ニモジピン

ニモジピン

臨床データ
商号	ニモトップ、ニマライズ、その他
AHFS / Drugs.com	モノグラフ
メドラインプラス	a689010
ライセンスデータ	US デイリーメッド： ニモジピン
妊娠 カテゴリー	AU： C [1]
投与経路	経口、静脈内
薬物クラス	ジヒドロピリジン系 カルシウムチャネル遮断薬
ATCコード	C08CA06 ( WHO )
法的地位
法的地位	米国： ℞のみ
薬物動態データ
バイオアベイラビリティ	13％（経口）
タンパク質結合	95%
代謝	肝臓
消失半減期	8～9時間
排泄	便と尿
識別子
IUPAC名 3-(2-メトキシエチル)5-プロパン-2-イル-2,6-ジメチル-4-(3-ニトロフェニル)-1,4-ジヒドロピリジン-3,5-ジカルボキシレート
CAS番号	66085-59-4 はい
PubChem CID	4497
IUPHAR/BPS	2523
ドラッグバンク	DB00393 はい
ケムスパイダー	4341 はい
ユニイ	57WA9QZ5WH
ケッグ	D00438 はい
チェムブル	ChEMBL1428 はい
CompToxダッシュボード （EPA）	DTXSID5023370
ECHA 情報カード	100.060.096
化学および物理データ
式	C 21 H 26 N 2 O 7
モル質量	418.446  g·mol −1
3Dモデル（JSmol）	インタラクティブ画像
融点	125℃（257℉）
笑顔 O=C(OC(C)C)\C1=C(\N/C(=C(/C(=O)OCCOC)C1c2cccc([N+]([O-])=O)c2)C)C
InChI InChI=1S/C21H26N2O7/c1-12(2)30-21(25)18-14(4)22-13(3)17(20(24)29-10-9-28-5)19(18)15-7-6-8-16(11-15)23(26)27/h6-8,11-12,19,22H,9-10H2,1-5H3 はい キー:UIAGMCDKSXEBJQ-UHFFFAOYSA-N はい
（確認する）

ニモジピンは、ニモトップなどのブランド名で販売されているカルシウムチャネル遮断薬であり、くも膜下出血（脳出血の一種）に伴う血管痙攣の予防に用いられます。

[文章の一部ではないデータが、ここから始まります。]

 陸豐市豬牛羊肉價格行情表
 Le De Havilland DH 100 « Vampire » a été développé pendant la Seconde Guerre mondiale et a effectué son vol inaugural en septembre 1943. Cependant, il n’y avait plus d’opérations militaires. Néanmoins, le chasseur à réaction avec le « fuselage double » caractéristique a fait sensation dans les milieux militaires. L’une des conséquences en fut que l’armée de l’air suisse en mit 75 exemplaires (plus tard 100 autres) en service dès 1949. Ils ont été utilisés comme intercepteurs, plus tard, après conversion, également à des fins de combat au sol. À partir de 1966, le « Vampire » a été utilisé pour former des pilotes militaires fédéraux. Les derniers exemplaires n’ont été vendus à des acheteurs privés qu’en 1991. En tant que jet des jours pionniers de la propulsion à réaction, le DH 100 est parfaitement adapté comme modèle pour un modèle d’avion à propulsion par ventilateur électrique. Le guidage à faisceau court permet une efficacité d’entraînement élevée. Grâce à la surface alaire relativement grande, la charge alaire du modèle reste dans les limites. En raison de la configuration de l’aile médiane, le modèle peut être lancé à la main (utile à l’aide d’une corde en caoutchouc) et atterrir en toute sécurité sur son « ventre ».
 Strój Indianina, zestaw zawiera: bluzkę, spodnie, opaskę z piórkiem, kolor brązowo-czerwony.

もともと高血圧の治療に用いられるカルシウムチャネル遮断薬として開発されましたが、この適応症には使用されていません。

1971年に特許を取得し^[2]、1988年に米国で医療用として承認されました。^[3] 1985年にドイツで医療用として承認されました。^[4]

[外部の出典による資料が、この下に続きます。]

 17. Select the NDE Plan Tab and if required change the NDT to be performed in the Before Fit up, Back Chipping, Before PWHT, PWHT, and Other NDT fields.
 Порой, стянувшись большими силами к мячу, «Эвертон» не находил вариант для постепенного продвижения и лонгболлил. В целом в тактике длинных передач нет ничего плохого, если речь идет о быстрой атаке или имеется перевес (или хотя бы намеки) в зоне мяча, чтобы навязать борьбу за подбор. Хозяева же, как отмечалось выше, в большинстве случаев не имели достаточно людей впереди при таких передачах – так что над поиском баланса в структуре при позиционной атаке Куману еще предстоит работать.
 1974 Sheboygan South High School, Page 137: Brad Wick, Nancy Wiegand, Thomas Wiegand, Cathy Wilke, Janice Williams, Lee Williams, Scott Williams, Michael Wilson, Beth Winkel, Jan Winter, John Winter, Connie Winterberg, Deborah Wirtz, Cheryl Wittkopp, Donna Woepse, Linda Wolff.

ニモジピンは脳血管系への選択性があるため、主な用途は、くも膜下出血（脳出血の一種）の合併症である脳 血管痙攣およびそれに伴う虚血の予防であり、特に脳内顆粒動脈瘤の破裂によるもので、患者の発作後神経学的状態とは無関係です。^[5]投与はくも膜下出血発症後4日以内に開始し、3週間継続します。血圧が5%以上低下した場合は、投与量を調整します。静脈内ニモジピンの日常的な使用については、依然として議論があります。^{[6] [7]}

2003年の試験では、ニモジピンは重度の子癇前症の女性の発作予防において硫酸マグネシウムより劣っていることが判明した。^[8]

ニモジピンは頭部外傷の治療にはあまり使用されていません。外傷性くも膜下出血に対するニモジピンの使用を評価する研究がいくつか行われてきましたが、4件の試験を対象としたシステマティックレビューでは、ニモジピン療法を受けた患者に有意な効果は認められませんでした。^{[9]脳損傷後の双極性障害の超日周期性運動障害（扁桃体}海馬摘出術後）の治療にニモジピンが奏効したという報告が1件あります。^[10]

通常の投与量は60mg錠を4時間ごとに服用する。経口投与が困難な患者には、以前は1～2mg/時の速度で静脈内投与されていた（体重70kg未満または血圧が低すぎる場合は減量）。^[6]しかし、静脈内投与が中止されたため、経鼻胃管による投与が代替手段となっている。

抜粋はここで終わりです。